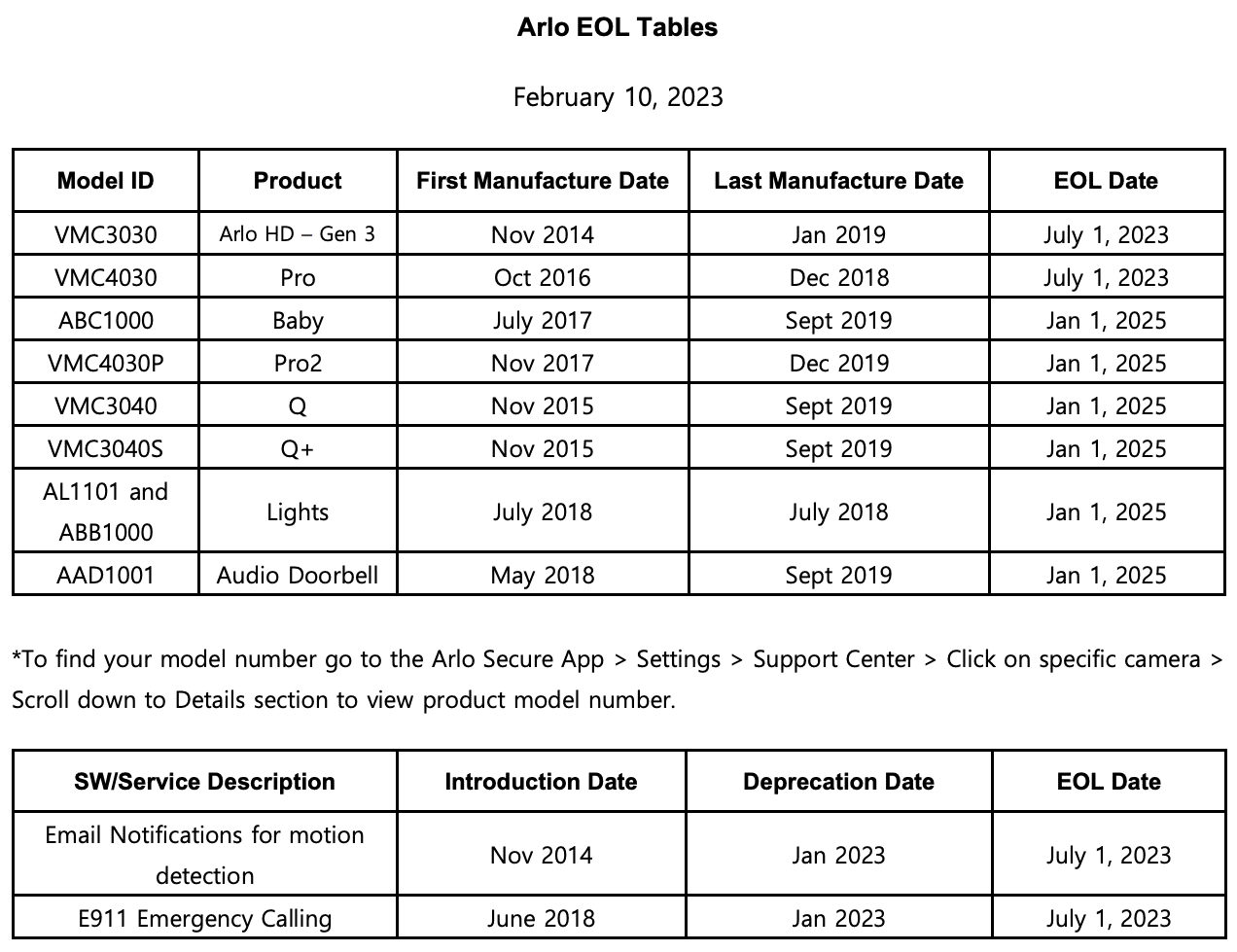 Arlo ändert EOL-Daten
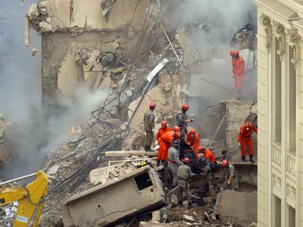 O subsecretário de Defesa Civil do Município do Rio de Janeiro, Márcio Motta, informa que mais dois corpos foram encontrados entre os escombros dos três prédios que desabaram ontem à noite (20h30) na Avenida 13 de Maio. Os corpos ainda não foram resgatados. No total, o Corpo de Bombeiros contabiliza cinco mortes (três corpos estão no Instituto Médico-Legal) e ainda procura 11 pessoas desaparecidas.
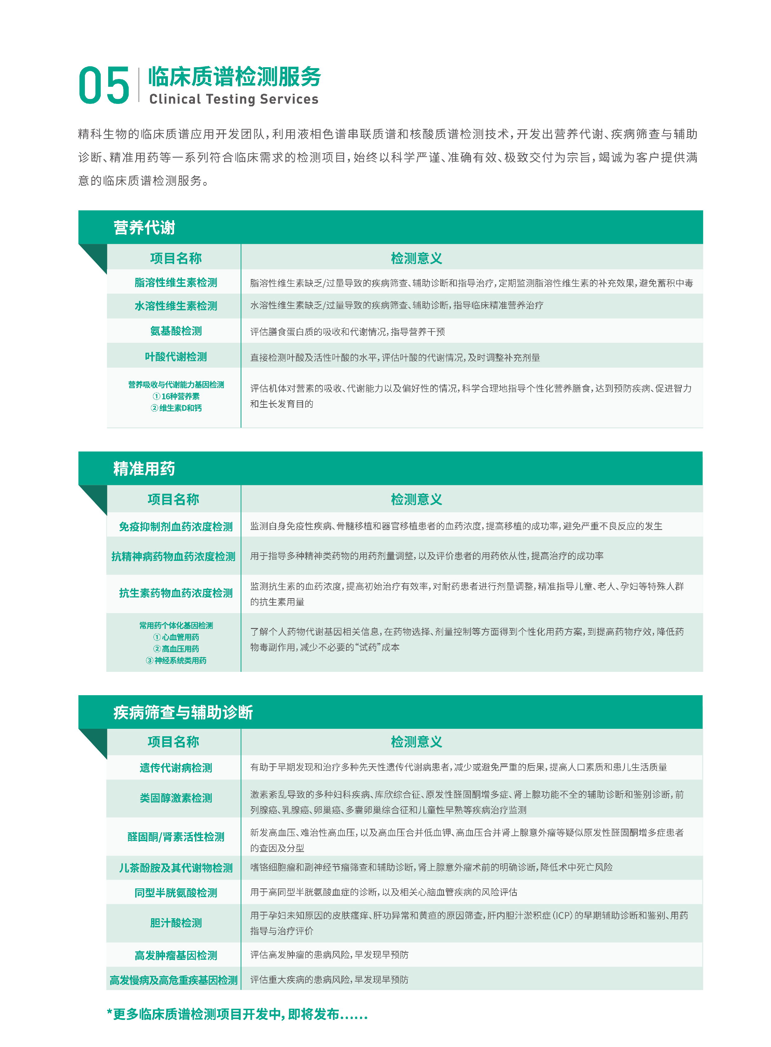 精科生物拥有历经多年潜心研发、性能国内领先的液相色谱-三重四极杆串联质谱系统,并配套自主研发的全自动样本处理系统和多种试剂盒和方法学,适合不同应用场景和市场需求。同时公司在全自动化微生物质谱、核酸质谱、微量元素分析质谱、流式质谱等平台亦有多维度全方位布局,形成完整的临床质谱产业生态体系。
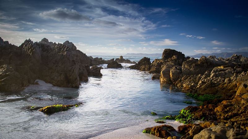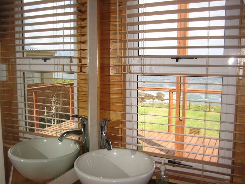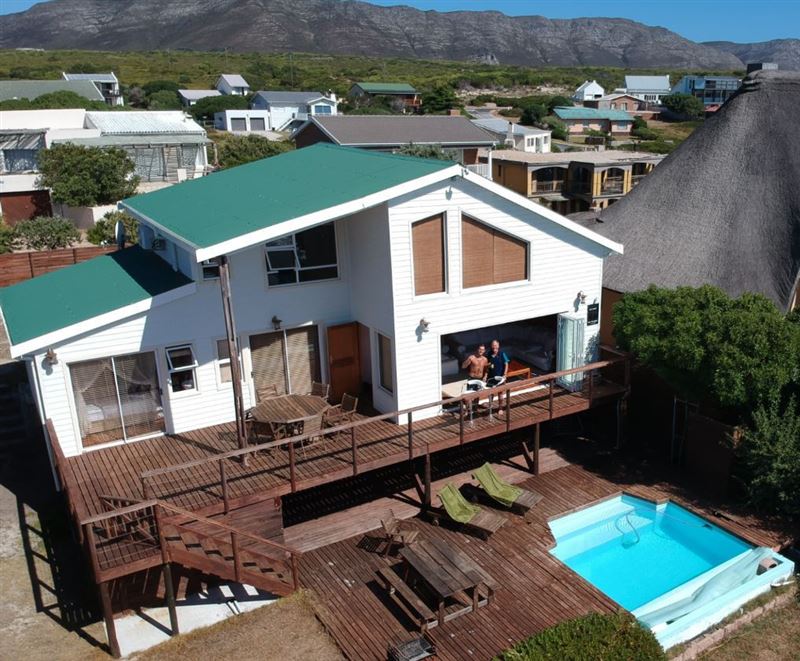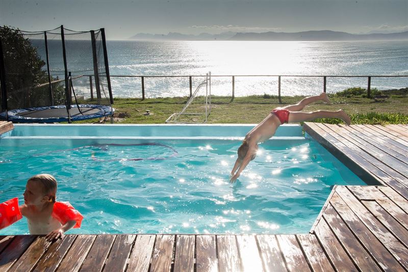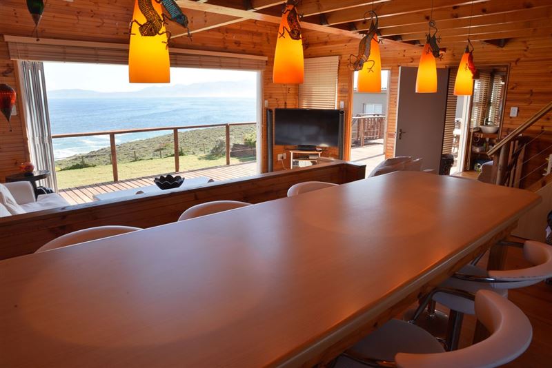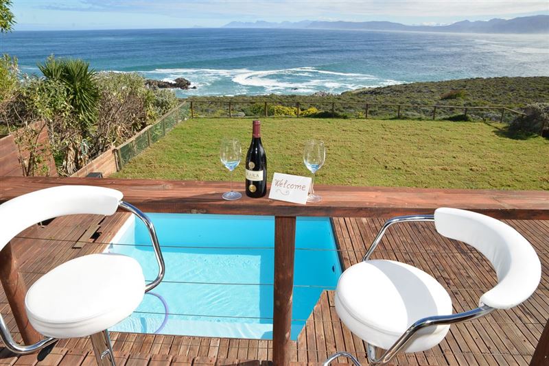 La Luna is a cosy, sea-front, white handy-plank house with natural wood interior and a splendid lawn. It is situated next to the Klipgat trail, part of the Walker Bay Nature Reserve, in De Kelders. The three bedrooms have splendid sea views, en-suite toilets, showers and wardrobes, as well as wash-hand basin. The house has a great front yard facing the ocean and a heated swimming pool. The renting price includes everyday cleaning. Breakfast is available on demand; at additional R50 per person, per day. Free uncapped Wi-Fi in the whole house, premium DStv satellite package in 55" fl

--*--

Work instruction
Exactly as written, copy out the listing, but without any pictures.

Finished exercise
 Arlo ändert EOL-Daten
 O subsecretário de Defesa Civil do Município do Rio de Janeiro, Márcio Motta, informa que mais dois corpos foram encontrados entre os escombros dos três prédios que desabaram ontem à noite (20h30) na Avenida 13 de Maio. Os corpos ainda não foram resgatados. No total, o Corpo de Bombeiros contabiliza cinco mortes (três corpos estão no Instituto Médico-Legal) e ainda procura 11 pessoas desaparecidas.
 精科生物拥有历经多年潜心研发、性能国内领先的液相色谱-三重四极杆串联质谱系统,并配套自主研发的全自动样本处理系统和多种试剂盒和方法学,适合不同应用场景和市场需求。同时公司在全自动化微生物质谱、核酸质谱、微量元素分析质谱、流式质谱等平台亦有多维度全方位布局,形成完整的临床质谱产业生态体系。
 La Luna is a cosy, sea-front, white handy-plank house with natural wood interior and a splendid lawn. It is situated next to the Klipgat trail, part of the Walker Bay Nature Reserve, in De Kelders. The three bedrooms have splendid sea views, en-suite toilets, showers and wardrobes, as well as wash-hand basin. The house has a great front yard facing the ocean and a heated swimming pool. The renting price includes everyday cleaning. Breakfast is available on demand; at additional R50 per person, per day. Free uncapped Wi-Fi in the whole house, premium DStv satellite package in 55" fl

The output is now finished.